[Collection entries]
----

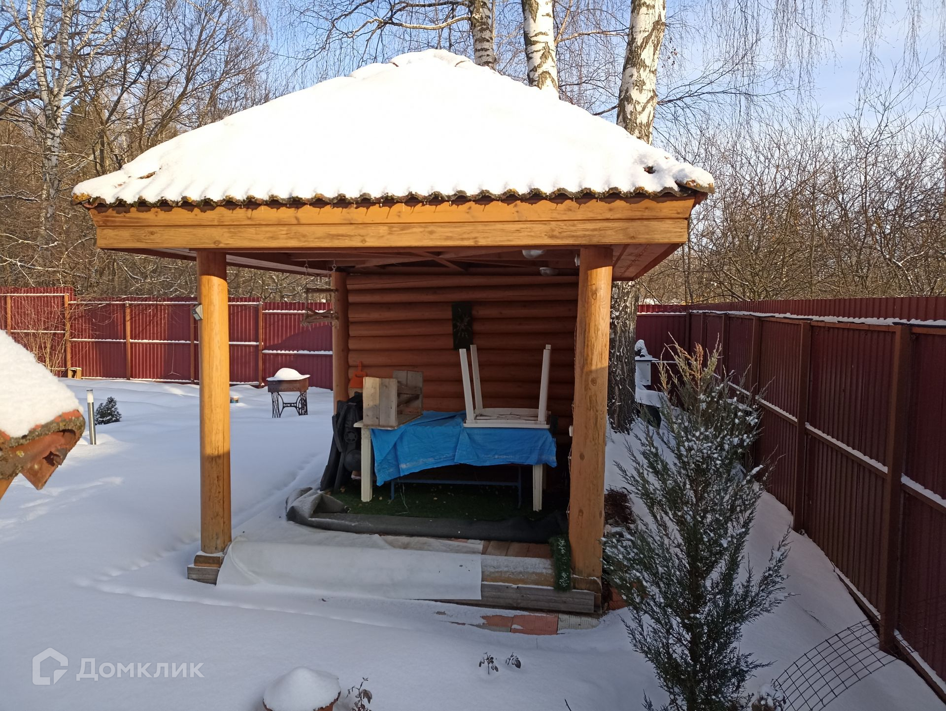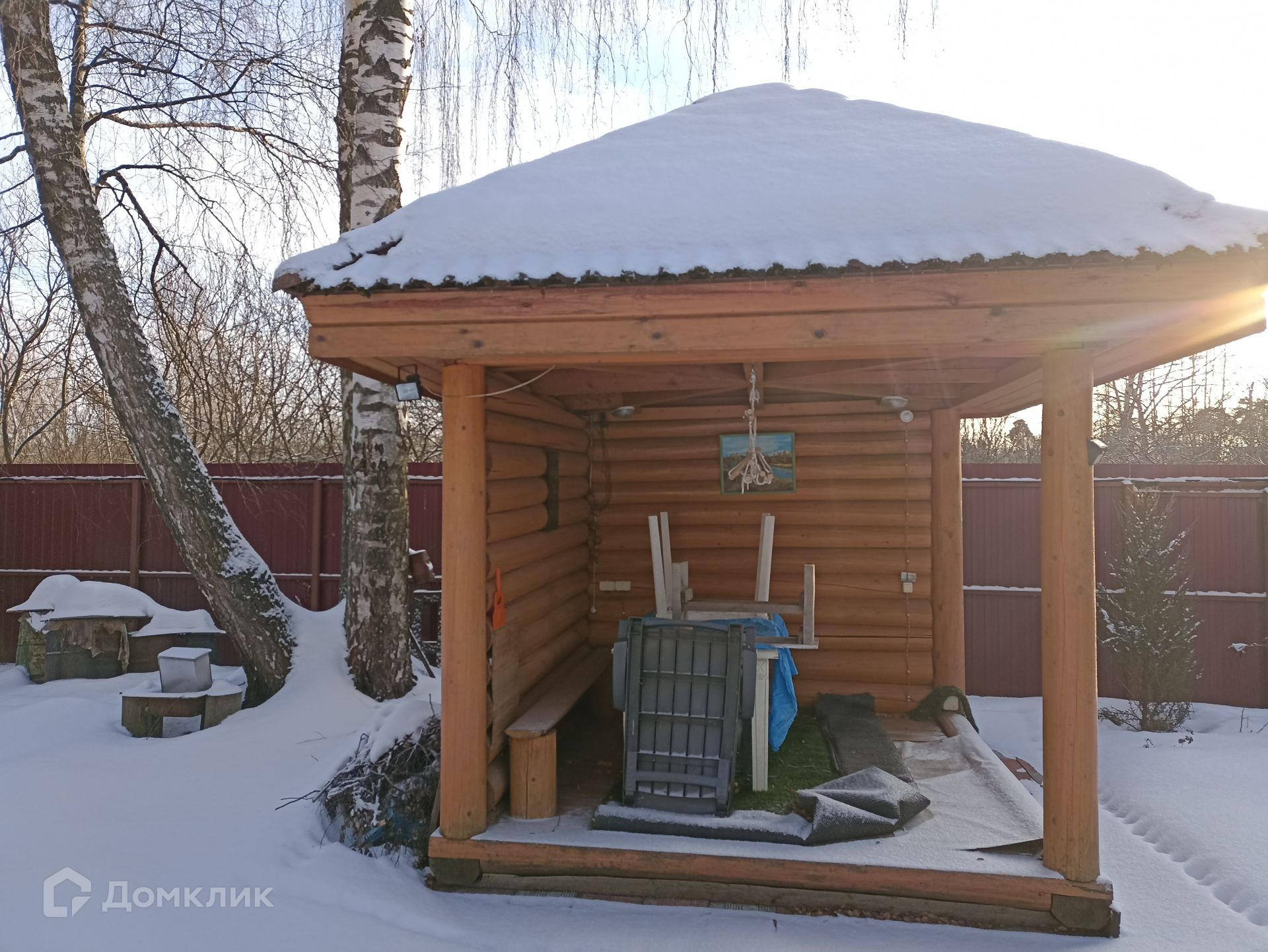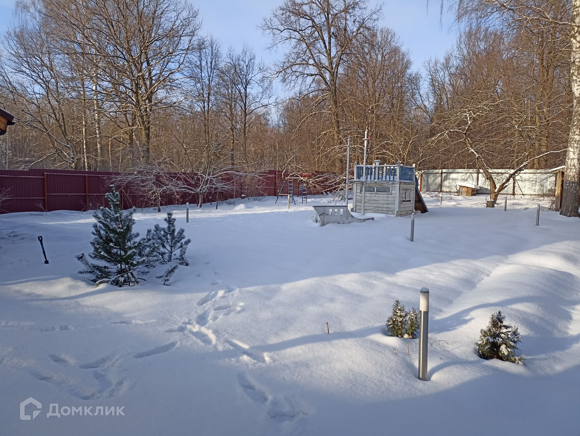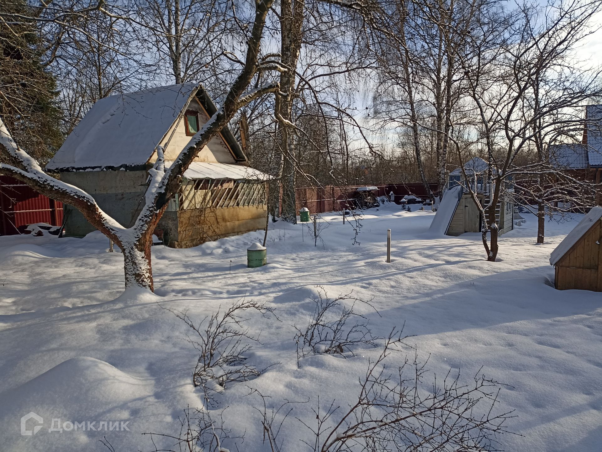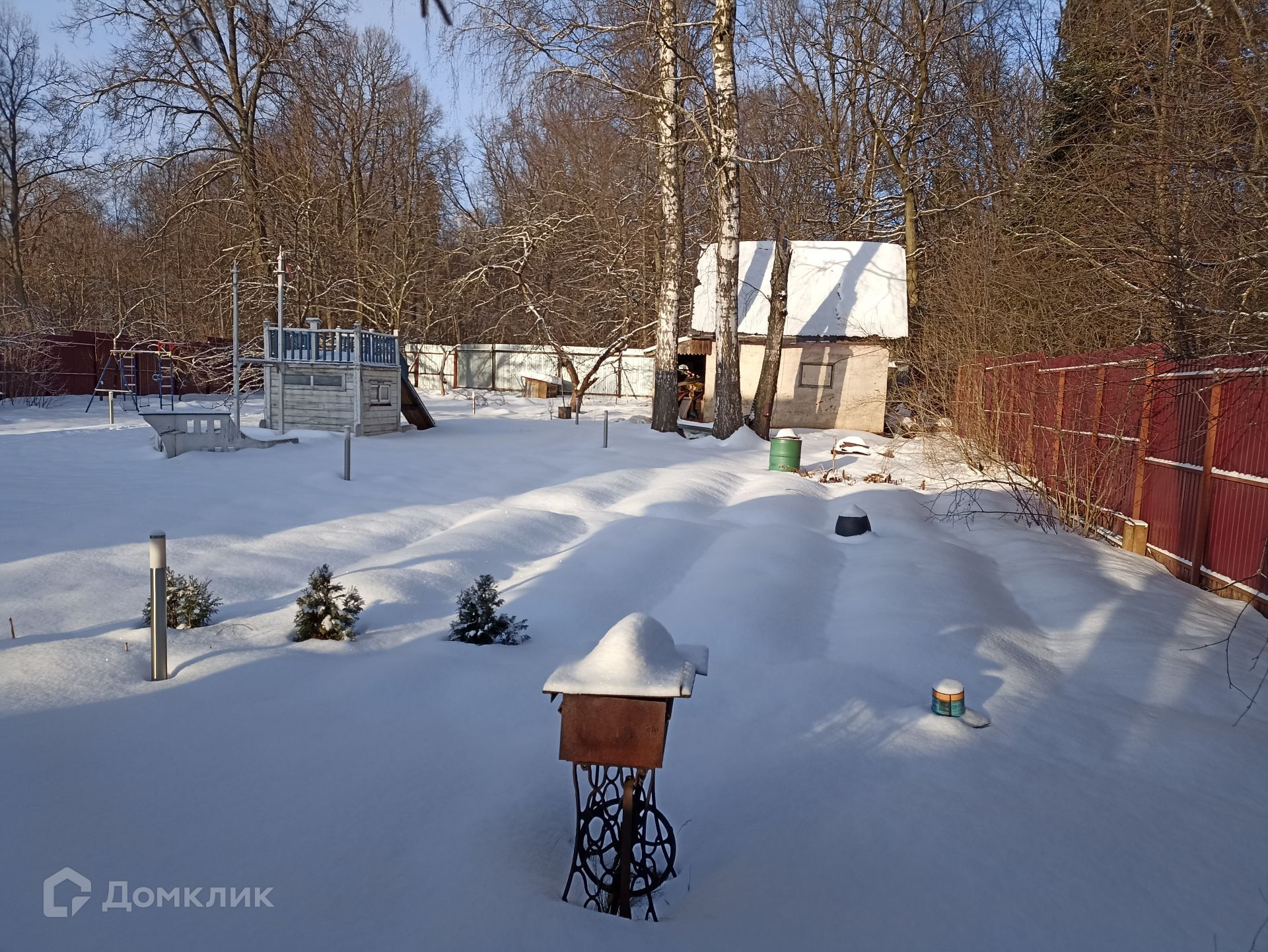 Просторный и ухоженный земельный участок правильной прямоугольной формы, площадью 13 соток. Территорию украшают взрослые деревья лиственных пород, среди которых дуб, липа, березы, а также садовые - яблони, груша, сливы, вишня; кустарники - крыжовник, смородина. На территории участка своя земляничная поляна, грибы; есть колодец и скважина (49 м) для водоснабжения дома, беседка, рубленная из бревна, уличный санузел, сарай для хранения хоз. инвентаря.
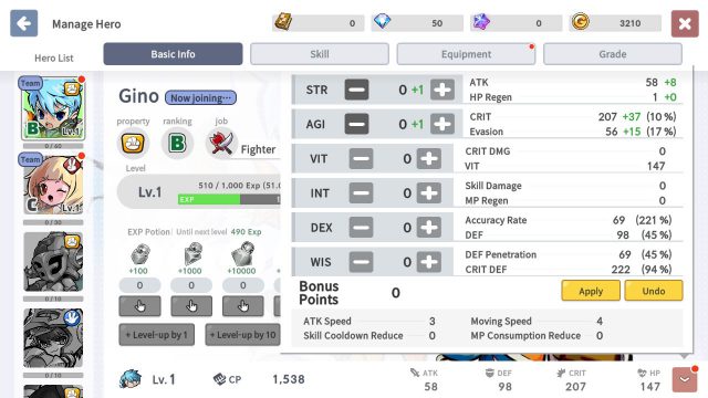 ในการอัพเกรดเกมนี้ก็ไม่ได้แตกต่างจากเกมอื่น ความน่าสนใจก็คือมีระบบอัพเกรดสเตตัสที่คนเล่นจะสามารถอัพค่าพลังของตัวละครไปตามที่คนเล่นต้องการได้ นอกจากนี้ยังสามารถหาเศษตัวละครเพื่ออัพระดับเกรดให้เป็นระดับสูงได้อีกด้วย ทุกตัวละครในเกมนี้จึงสามารถดันให้เก่งๆ ได้สบาย
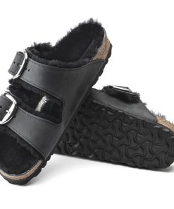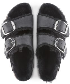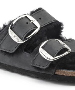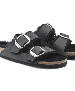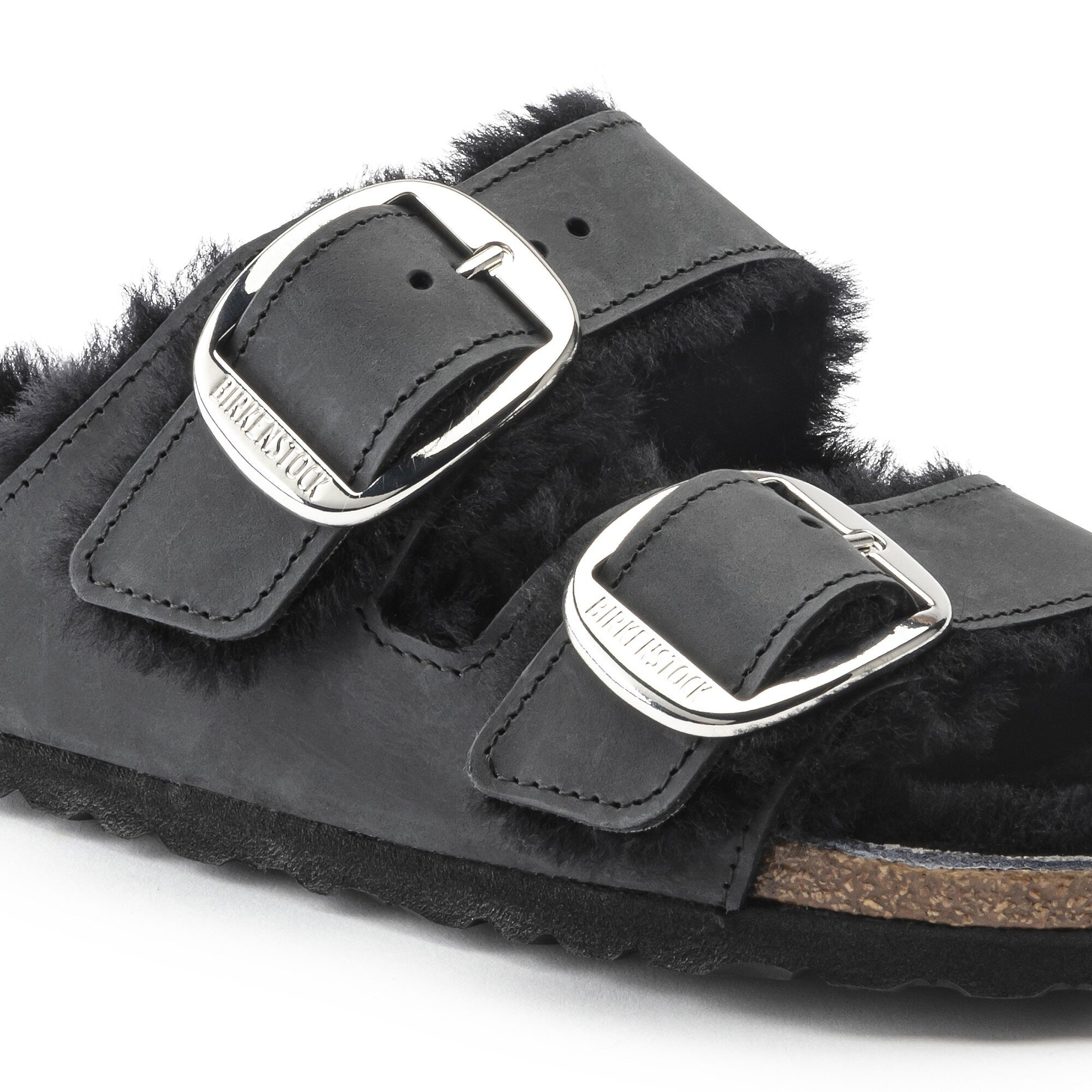 Birkenstock Women’s Sandals Arizona Big Buckle Shearling Oiled Leather Black | Black
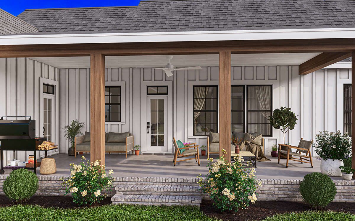 The design allows for easy integration of outdoor living areas such as patios or porches, enhancing the overall lifestyle experience.
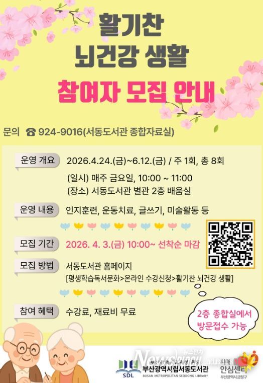뉴스펀치 김윤걸 기자 | 부산광역시교육청서동도서관은 오는 24일부터 6월 12일까지 매주 금요일마다 도서관 별관에서 60세 이상 어르신 12명을 대상으로 ‘활기찬 뇌건강 생활’ 프로그램을 운영한다.
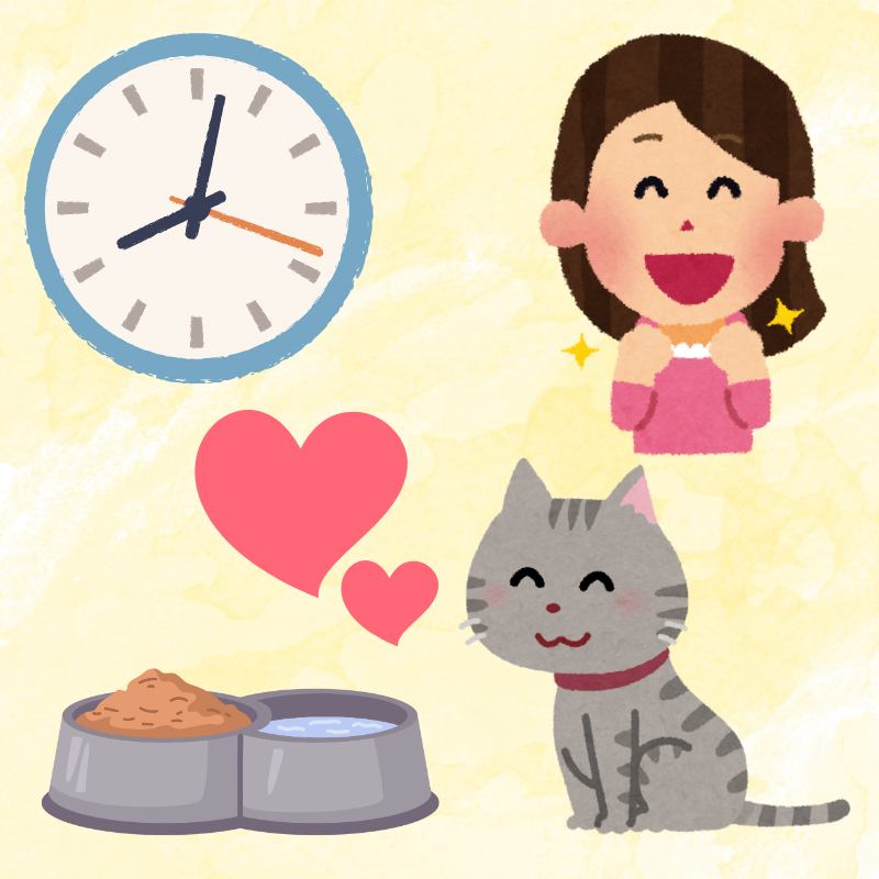 猫の健康管理や日々の変化を把握するためにも、ルーティンは非常に大切です。でも、もし、夕食の時間を変えたい場合などは、ちゃんと猫に説明して、変えた時間でずっとご飯をあげていると、猫達も「あ、ご飯はこの時間なんだ」って理解してくれますから、ご安心を。

----

Directions for this task –
The data above must be given again in full and unaltered, minus its images.

Your response –
 Просторный и ухоженный земельный участок правильной прямоугольной формы, площадью 13 соток. Территорию украшают взрослые деревья лиственных пород, среди которых дуб, липа, березы, а также садовые - яблони, груша, сливы, вишня; кустарники - крыжовник, смородина. На территории участка своя земляничная поляна, грибы; есть колодец и скважина (49 м) для водоснабжения дома, беседка, рубленная из бревна, уличный санузел, сарай для хранения хоз. инвентаря.
 ในการอัพเกรดเกมนี้ก็ไม่ได้แตกต่างจากเกมอื่น ความน่าสนใจก็คือมีระบบอัพเกรดสเตตัสที่คนเล่นจะสามารถอัพค่าพลังของตัวละครไปตามที่คนเล่นต้องการได้ นอกจากนี้ยังสามารถหาเศษตัวละครเพื่ออัพระดับเกรดให้เป็นระดับสูงได้อีกด้วย ทุกตัวละครในเกมนี้จึงสามารถดันให้เก่งๆ ได้สบาย
 Birkenstock Women’s Sandals Arizona Big Buckle Shearling Oiled Leather Black | Black
 The design allows for easy integration of outdoor living areas such as patios or porches, enhancing the overall lifestyle experience.
뉴스펀치 김윤걸 기자 | 부산광역시교육청서동도서관은 오는 24일부터 6월 12일까지 매주 금요일마다 도서관 별관에서 60세 이상 어르신 12명을 대상으로 ‘활기찬 뇌건강 생활’ 프로그램을 운영한다.
 猫の健康管理や日々の変化を把握するためにも、ルーティンは非常に大切です。でも、もし、夕食の時間を変えたい場合などは、ちゃんと猫に説明して、変えた時間でずっとご飯をあげていると、猫達も「あ、ご飯はこの時間なんだ」って理解してくれますから、ご安心を。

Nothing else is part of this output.